Morgan, an Apple Inc. consultant and overall kick ass friend of mine, and I were scratching our heads a few weeks ago over an issue in which her Windows XP and Windows Vista machines could not connect to an Xserve running Mac OS X Leopard Server. Naturally, her Mac OS X clients could connect without problem, threatening my manhood...

After some hardcore research, we stumbled, literally, across a few Microsoft support articles all explaining how to allow connections to devices behind NAT.

By default, Windows Vista and the Windows Server 2008 operating system do not support Internet Protocol security (IPsec) network address translation (NAT) Traversal (NAT-T) security associations to servers that are located behind a NAT device. Therefore, if the virtual private network (VPN) server is behind a NAT device, a Windows Vista-based VPN client computer or a Windows Server 2008-based VPN client computer cannot make a Layer Two Tunneling Protocol (L2TP)/IPsec connection to the VPN server. This scenario includes VPN servers that are running Windows Server 2008 and Microsoft Windows Server 2003.

For those curious about the why, it boils down to the fact that Microsoft has uncovered a rare issue with NAT devices (not Windows) that “may cause security association negotiation traffic to be misrouted”. To be safe, this sort of communication is disabled out of the box.

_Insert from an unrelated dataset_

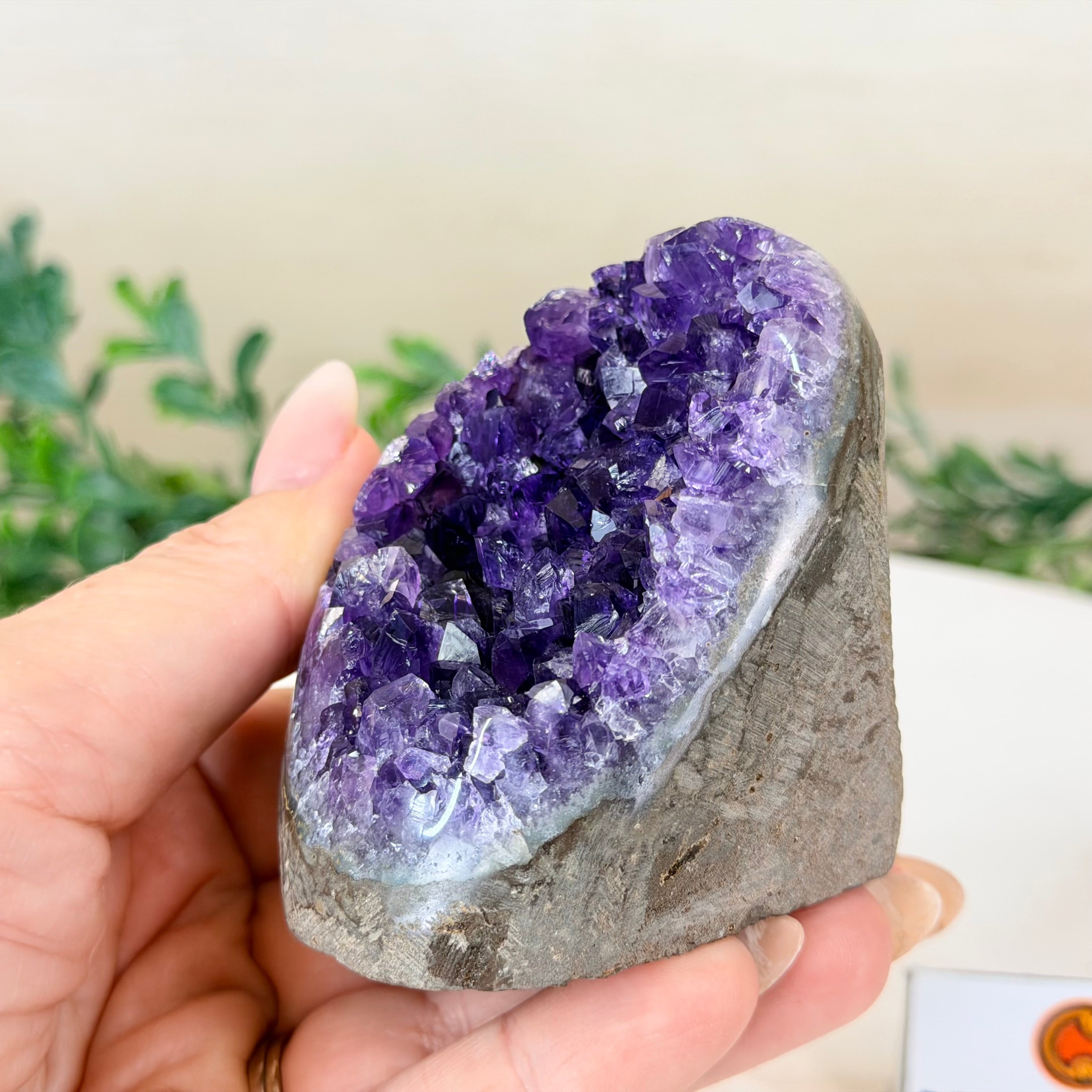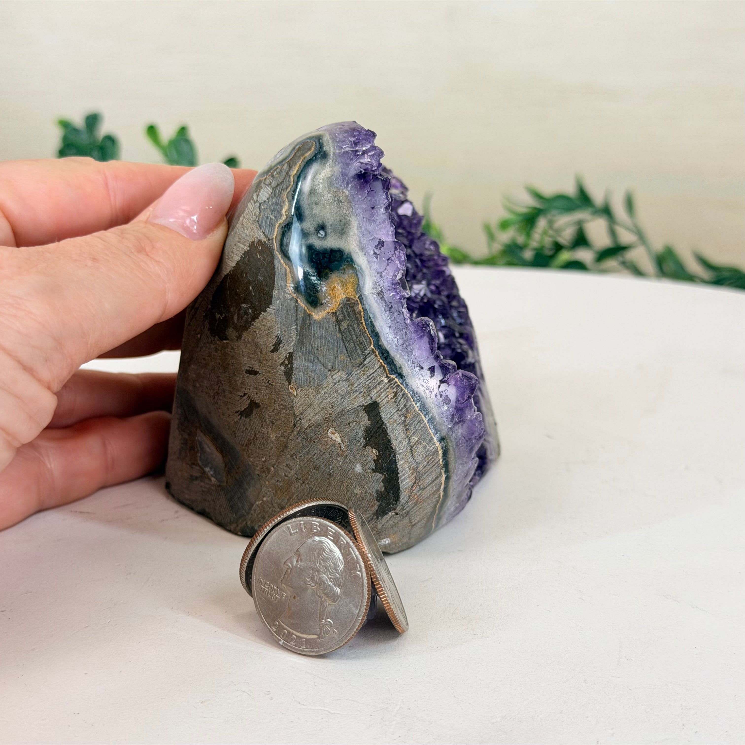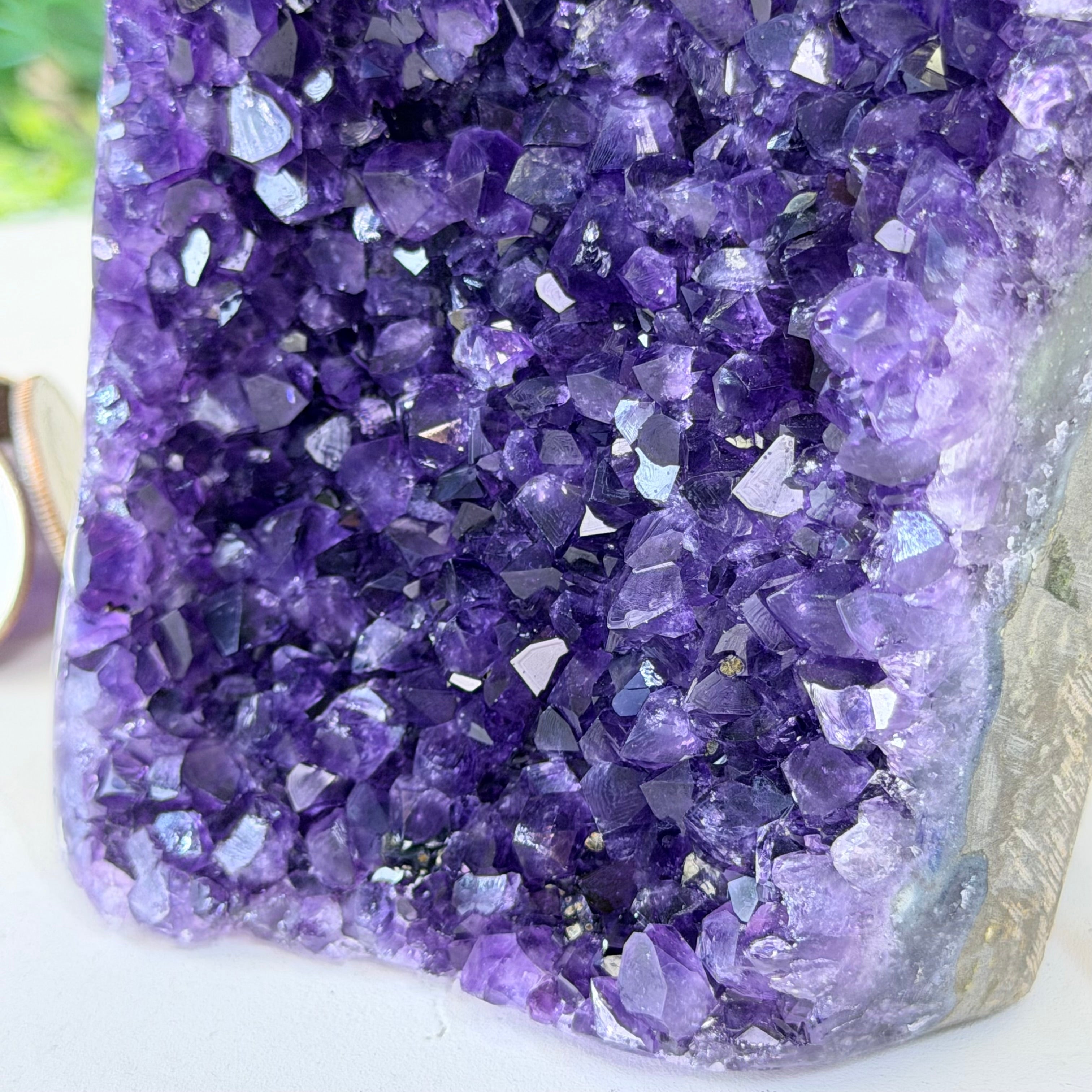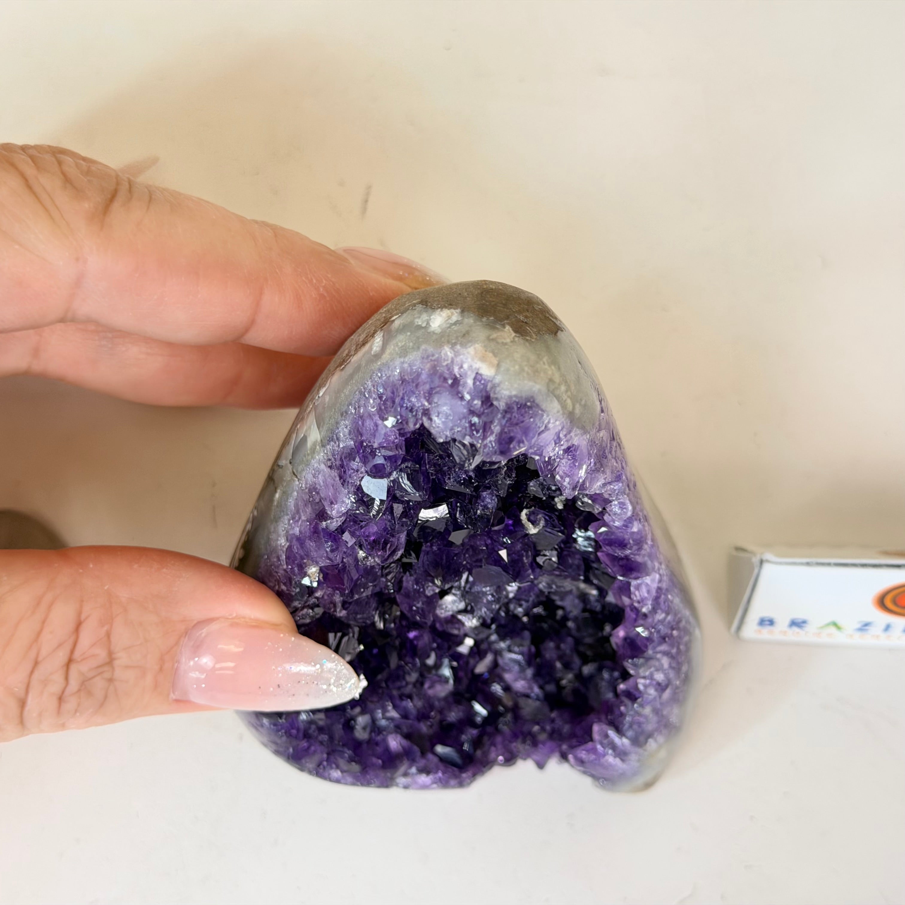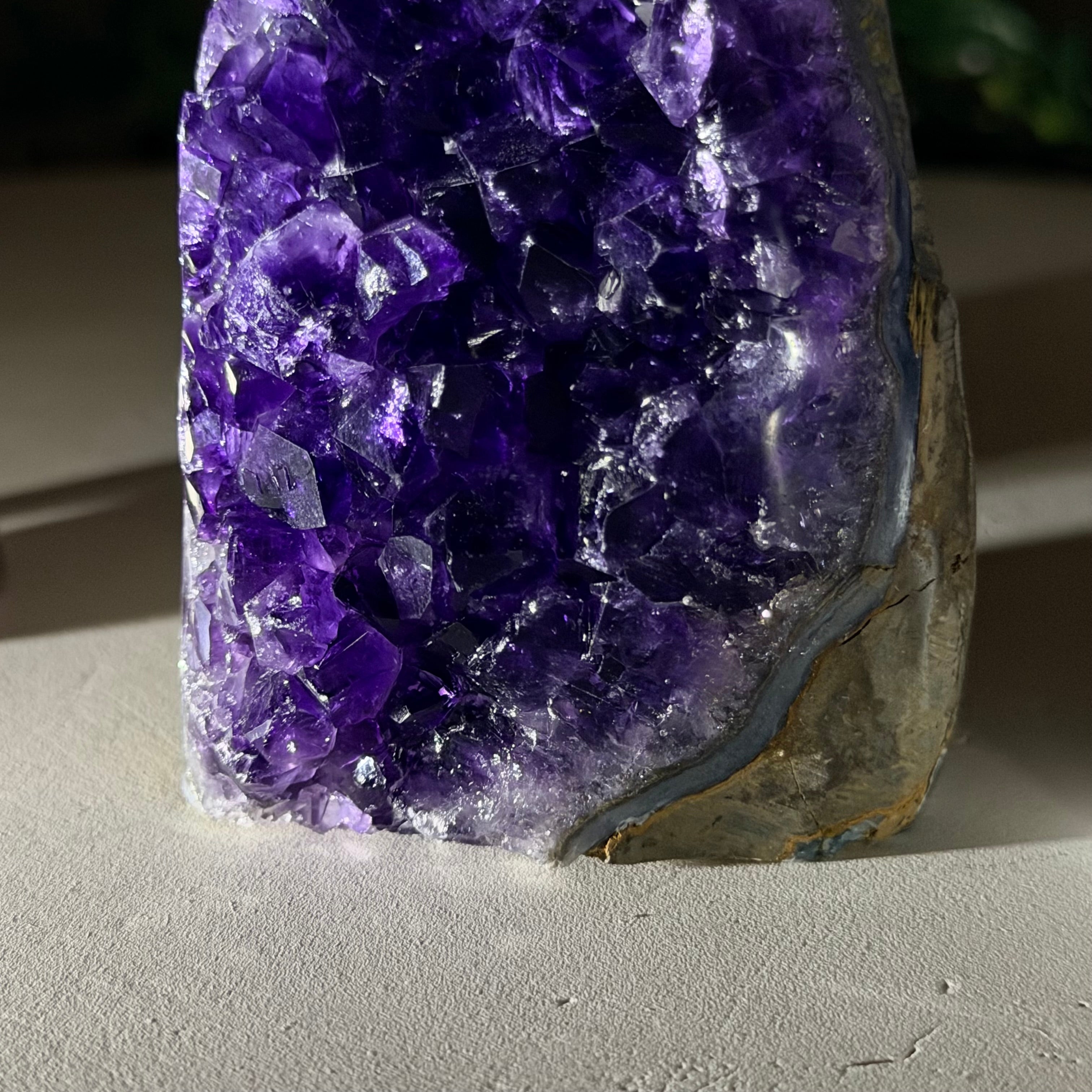These clusters grow inside geodes–where mineral-rich water slowly deposits crystals over time. The result is a captivating arrangement of pointed amethyst crystals that can beautify any space.

To re-enable the old behavior, accepting the risk, we navigated to HKEY_LOCAL_MACHINESYSTEMCurrentControlSetServicesIPsec and created a AssumeUDPEncapsulationContextOnSendRule DWORD value, setting its value to 0, 1, or 2, depending on the configuration of each client.

• 0 (default)
A value of 0 (zero) configures Windows XP SP2 so that it cannot initiate IPsec-secured communications with responders that are located behind network address translators.

• 1
A value of 1 configures Windows XP SP2 so that it can initiate IPsec-secured communications with responders that are located behind network address translators.

• 2
A value of 2 configures Windows XP SP2 so that it can initiate IPsec-secured communications when both the initiators and the responders are behind network address translators.

I made it out alive with only minor cuts and scrapes.